Crucially, while inflation had picked up it was still lower than in many other developed nations and likely to rise only gradually given the inertia evident in wages growth.

"The Board is committed to maintaining highly supportive monetary conditions to achieve its objectives," said RBA Governor Philip Lowe. "This is likely to take some time and the Board is prepared to be patient."

The central bank had surprised many last month by dropping a commitment to keeping bond yields low, so there was some speculation it could shift again by flagging an early end to its bond buying campaign.

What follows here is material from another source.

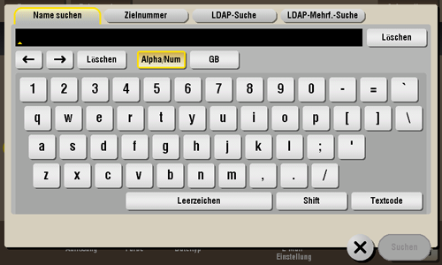 Tippen Sie auf [Zielnummer] - [Suchen] - [LDAP-Suche] oder [LDAP-Mehrf.-Suche].

The US Federal Reserve wrongfooted markets last week by opening the door to a quicker tapering of its asset buying, and thus an earlier hike in interest rates.

Instead, the RBA Board stuck with plans to reconsider its bond purchases in February when it will hold A$350 billion ($246.51 billion) of Australian government debt.

Most analysts assume the Board will halve its buying to A$2 billion ($1.41 billion) a week and cease by mid-year, though there was also a risk it could just stop altogether in February.

The RBA was upbeat on the economic outlook as high vaccination rates allowed the lifting of coronavirus lockdowns.

The labour market is recovering far faster than expected with payrolls in October higher than before the lockdowns began to bite in June and firms complaining of not enough workers.

Job advertisements surged 7.4% in November alone, to reach their highest in more than 13 years.

Retail sales have rocketed higher as consumers were set free of lockdowns, and there is plenty to spend after months of forced frugality.

CBA chief economist Stephen Halmarick estimates around A$240 billion in excess savings was amassed during the lockdowns, pointing to a bumper Christmas shopping season.

Using electronic card sales data combined with Google search terms, CBA estimates household spending intentions climbed 2.1% in November, from the previous month, to recover all the ground lost since the start of the pandemic.

Booming house prices have added to potential spending power, with the Australian Bureau of Statistics estimating values grew A$1 trillion in just the six months to September.